Just out of curiosity what does Nikon's patent on the cropping mode mean?

I've been waiting for MK3 for sometime now and it sounds like I shouldn't
wait and get into the MK2 wagon soon.

Do I read this right?


----------



## dr croubie (Oct 13, 2011)

Quick wikipedia-ing: the EOS 1V did 10fps on a moving mirror, the EOS1nRS did 12fps on a pellicle mirror. And the current 1Dmk4 does 10fps on a moving mirror. (and the best I can find out about the F1 is 9fps, although there probably was a motor drive for 14fps that i didn't find).
Surely it's gotta be possible to go above thiese numbers, we've had 11 years of tech since the 1V, there's got to be a more efficient motor and materials capable of the G-forces involved by now.
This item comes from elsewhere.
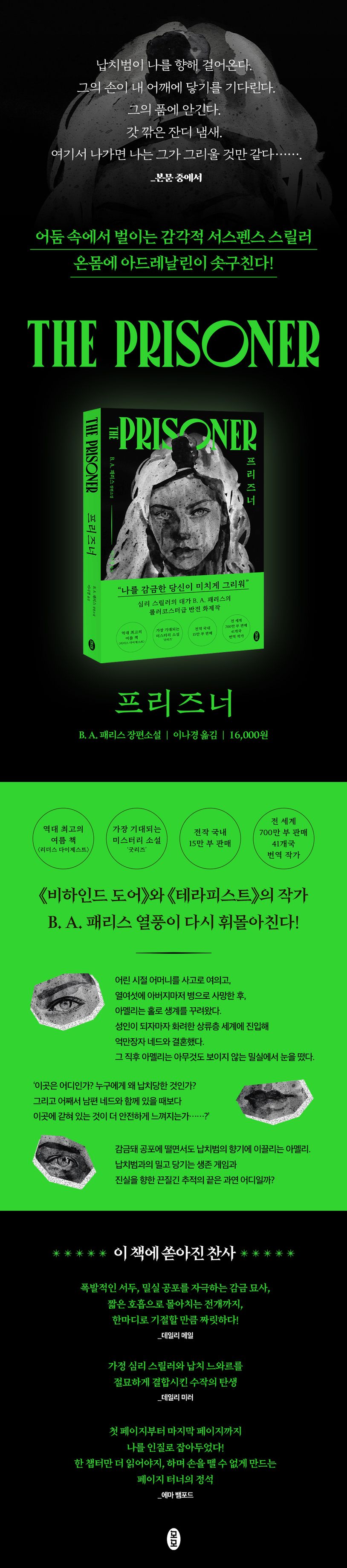 ‘평온한 일상을 훅 치고 들어오는 낯선 공포’라는 설정으로 한번 책장을 열면 절대 멈출 수 없는 페이지 터너의 정석을 선보여온 작가는 이번 《프리즈너》에서도 특유의 솜씨를 여지없이 뽐낸다. 주인공 아멜리는 행복을 보장하는 결혼 생활을 시작하자마자 시간적, 공간적 감각을 완전히 차단당한 채 낯선 곳에 갇힌다. 이렇듯 시작부터 급강하하는 롤러코스터에 탄 것처럼 짜릿한 스릴을 선사하는 《프리즈너》는 독자들을 매료시킬 ‘역대 최고의 여름 책’(〈리더스 다이제스트〉)이자 ‘가장 기대되는 미스터리 소설’(‘굿리즈’)임에 틀림없다.

If the mirror can do it, the rest is just software.

I definitely like the idea of the "2 frames per mirror drop" (or 3).
- Firstly, it'll have to be via a custom function, only for those who want it, because it will almost definitely reduce hit-rate (at least in the first incarnation, coding and algorithms will get better over time).
- Second, they drop the mirror in between each shot for AF-tracking. See my post elsewhere quoting canon talking about their new "dream AF in the near future". If this AF really is that good, maybe it can predictively track moving targets with only dropping the mirror after every 2nd or 3rd shot? Or it can process the images it takes quickly and has improved contrast-based AF to help it keep up without dropping the mirror?
Speculation now, of course, and it may not be in this release, but it will be in *something* within a few years, i'd bet. It'll take processing power and good coding, but it's not impossible.
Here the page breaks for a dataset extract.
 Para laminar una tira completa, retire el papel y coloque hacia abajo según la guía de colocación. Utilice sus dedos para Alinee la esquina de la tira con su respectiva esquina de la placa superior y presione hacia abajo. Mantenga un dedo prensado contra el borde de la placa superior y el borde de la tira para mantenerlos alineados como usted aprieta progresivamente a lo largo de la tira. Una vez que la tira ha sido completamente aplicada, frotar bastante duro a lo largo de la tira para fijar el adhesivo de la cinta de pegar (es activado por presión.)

As for the 18MP FF sensor, I just don't believe it one bit. There is absolutely *0%* chance they are going to drop the flagship MP-count *DOWN*, even if it does 1 million ISO as well as my 7D does iso400, it ain't gonna happen.
*If* it's 18MP, whether it's FF or APS-H, it's got a 1D-label (or 3D, or 6D, just *NOT* 1Ds or 5D).
18MP could be the "APS-H crop" mode (i'm too lazy to calculate how big an FF sensor would be for that). If they release an 18mp camera now, then they pretty much *have* to follow nikon's route with the D3/D3x and release a 30+mp 1Ds sooner rather than later, or too many actual pros will jump ship (and i'll be on ebay to get all their 1Ds3s when they do).

Alternatively, it might be an 18MP FF sensor, *iff* (which reads 'if and only if' to you non-maths nerds), it's a Foveon-type. (but will they brand it as a 54MP sensor a-la Sigma?).

And just because nikon may or may not have a patent on hardware-cropping, doesn't mean canon can't work around it. P&S cameras have had "digital zoom" for years. the 60/600D has digitalzoom/hardwarecropping for video, so some are already getting around it in some way or another.
Does nikon have the patent just for APS-C cropping? canon can get around that by using APS-H cropping, or even their own APS-C cropping (seeing as canon's APS-C is a different size than nikon's APS-C). Depends on how the patent (if it exists) is written as to how easily they can get around it.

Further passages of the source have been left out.